舟山群岛地处东海要冲,在宋代时便以其独特的山海景致与人文气息,成为众多文人墨客笔下的灵感源泉。他们以诗为笔,从多维视角勾勒出宋代舟山的独特风貌。
舟山的山海胜景、佛国禅韵、海疆壮色与民生百味,为宋代诗人提供了取之不尽的创作源泉——从“潮痕拥岸棱棱雪”的自然奇景,到“至人亲见古观音”的圣地灵光,从“赤龙白鹞争系”的海防盛况,再到“卤浓盐淡未得闲”的真实生活切片,这片土地以多元的风貌滋养着宋代诗人的笔端。而诗人则以诗为媒,将这份独属于宋代舟山的印记永久镌刻:他们书写下彼时的沧海胜景让后世得以与前人共享舟山的山海神韵,他们对普陀圣地的描摹为佛门胜境的兴起留存了历史剪影,对海疆防务的书写定格了宋代海防屏障的历史样貌,对渔盐民生的刻画则让我们得以窥见那令人痛心疾首的时代旧疾。
舟山赋予诗人以灵感,诗人回馈舟山以永恒,这份双向的馈赠,让宋代舟山的独特风貌在千百年后的今天,依然能透过诗句触及人心。
赏沧海胜景
舟山海域,风光秀丽。晴日里,海水澄碧如练,映着天光荡起千层鳞浪;风起时,怒涛拍岸似雷,卷起如雪的浪花漫过礁石。远处群岛如青螺浮于碧水,近处渔村藏在绿树间,偶有啼鸟划破静谧,山海相映间,尽是自然的野趣与灵动。
若从海上观岛,宋代诗人释正觉的《航海之宝陀访真歇师兄(其一)》便勾勒出一幅流动的画卷。“烟机外分青嶂骨,水天中见白云心”,船行海上,看烟云从山坳间散开,远处的青山逐渐显露出嶙峋的脊骨;水天相接处,白云悠悠飘荡,好似海天相融,自由自在、无拘无束。再近一些,“潮痕拥岸棱棱雪,月魄浮波烂烂金”,潮水退去后,岸边留下的浪花如成片的雪花般洁白;月光洒在海面,又化作一片灿烂的金光,动静之间,海岛的苍茫与瑰丽尽显。
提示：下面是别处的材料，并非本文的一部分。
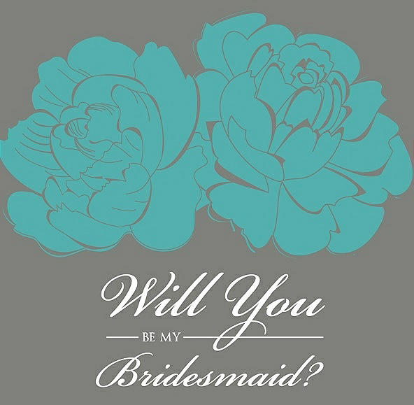Will You Be My Bridesmaid Card - Flowers in Capri & Charcoal Gray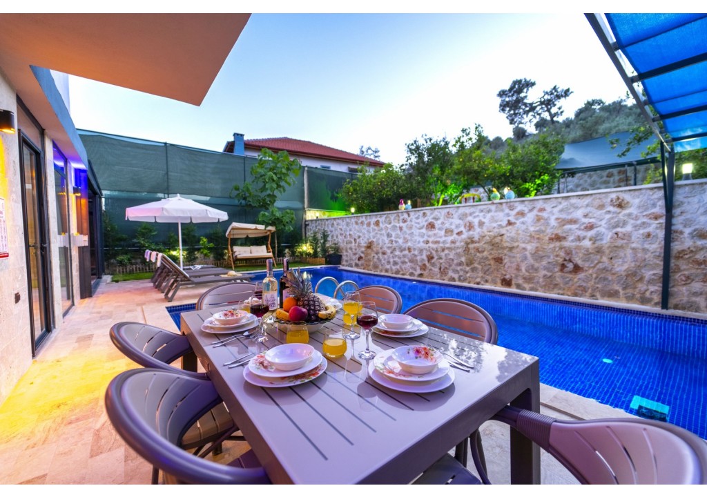 Kalkan’ın Patara mevkiine konumlandırılmış Villa Destan, 3 yatak odalı muhafazakar bir villadır.Havuz bölgesi dışarıdan görünmeyen villamız, muhafazakar aileler ve balayı çiftleri için en uygun seçimlerden birisidir.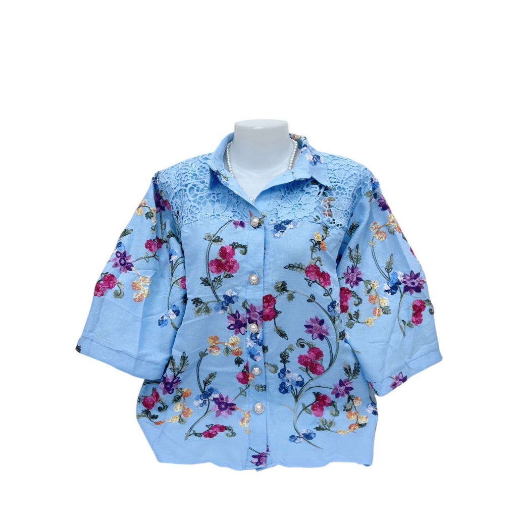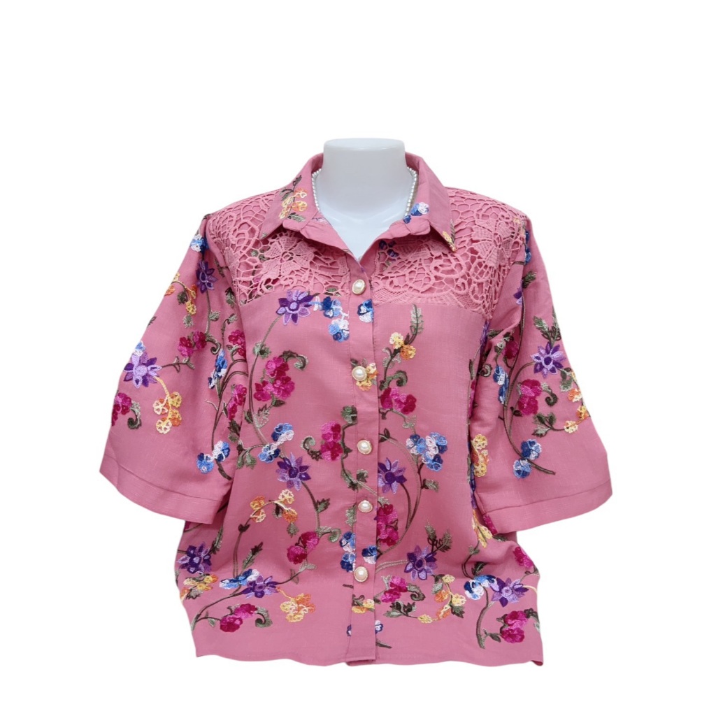 คอปกกระดุมหน้าผ้าลินินผสมผ้าฝ้าย รอบอก 42-46-52 เป็นงานฟรีไซส์ ใส่ได้ตั้งแต่ 38-40-42-44-48-50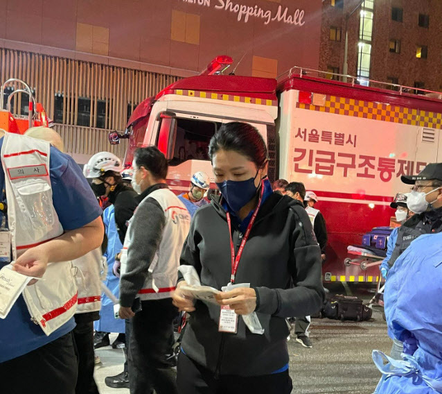 신현영 더불어민주당 의원이 지난 10월30일 서울 이태원 참사 현장에서 재난의료지원팀(DMAT)으로 지원해 구호활동을 하는 모습. 신현영 의원 페이스북 캡처 |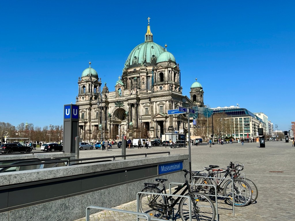 Danach fuhren wir wieder mit den Rädern nach Mitte und besuchten im Humboldt-Forum die Ausstellung Berlin global. Darin geht es um die Geschichte Berlins, aber eben nicht chronologisch, sondern nach Themen gegliedert und immer den Bezug zum Weltgeschehen im Blick.

而从岛上观海,宋代诗人柳永的《留客住》则换了一番视角。“遥山万叠云散,涨海千里,潮平波浩渺”,登高远眺,远山层叠间云雾渐散,涨潮后的大海一望无际,潮水平缓,波涛浩渺,仿佛天地都被这片蔚蓝包裹。岸边“烟村院落,是谁家绿树,数声啼鸟”,村落隐在烟霭中,绿树成荫,几声鸟鸣清脆悦耳,海的壮阔与村的静谧相映成趣,勾勒出一幅生机盎然的海岛春景。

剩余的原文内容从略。